Home    Search    Gallery    How-To    Books    Links    Workshops    About    Contact

Nikon 200mm Center Sharpness Comparison
© 2008 KenRockwell.com. All rights reserved.

Please help KenRockwell..com

85mm Center Comparison

85mm Corner Comparison

105mm Center Comparison    

105mm Corner Comparison   

200mm Center Comparison   (this page)

200mm Corner Comparison

 

June 2008       More Nikon Reviews

 

Introduction

Let's take thirty different fixed and zoom lenses and see which is the sharpest at 200mm. Easy! Just kidding: it took a long time to shoot them all in a way that I could figure out which files went with which lens and then another long time to format them all into this page to make the results visible. It all has to be shot fast enough that the light can't change from the first lens to the last.

Many thanks to all of you who helped me assemble all these lenses at one place at one time so these can be compared fairly.

This is all shot on a Nikon D300, which has the same pixel pitch as the D3X. These results should apply just as well to the center of the D3X. Unfortunately I couldn't get hold of a real D3X, whose audio note recording function would greatly have simplified the note-taking required to correlate which lens to which files.

This is just like a traditional Greek wrestling match. Every competitor is butt naked and competing on the same ground. There are no handicaps to help the weak.

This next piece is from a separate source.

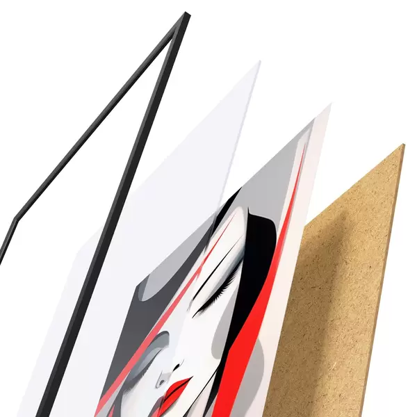 De poster bestaat uit een frame, plexiglas, geprinte afbeelding en spaanplaat achterkant. De poster kan meteen aan de muur worden gehangen dankzij de bevestigingen op de achterkant.
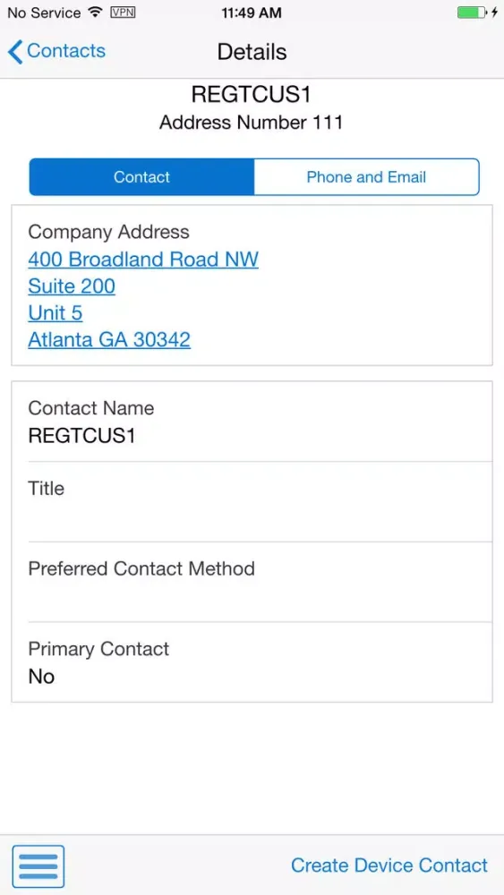 You not only have the contact information available through JD Edwards EnterpriseOne, you can also add the contact you are viewing to the contacts feature on your device. This will eliminate the need to access JD Edwards EnterpriseOne the next time you need to contact that customer.

Some of these lenses are just a few months old, while others are 40-year-old veterans.

Warning One

Almost all of these lenses are very sharp. I'm doing stupid things to exaggerate the differences.

See Lens Sharpness for why none of this really matters.

Warning Two

I'm only showing a tiny central section of an image.

Frame

Full DX image. Red box shows crop area.

On a D3X, the crop will remain the same but the full image would be larger and cover more.

These images are all crops from 100% images shot at ISO 200 on my D300. The full images would be 43" (110cm) wide at this magnification. I never print this large; do you? On the D3X, the full images would print 60" (1.5 meters) wide!

These are so highly magnified and made under such special conditions that I'm showing differences too minute to be significant for almost any sort of photography.

Warning Three

This stupid tree is 600 feet (200 meters) away, and even in the suckiest enlarged images below you still can see every leaf!

Warning Four

I only have three hands. Not all the exposures match, so please don't confuse a lighter or darker image with one that's less sharp.

 

Guide to the Lenses Compared          top

I've tried to put similar lenses close to each other.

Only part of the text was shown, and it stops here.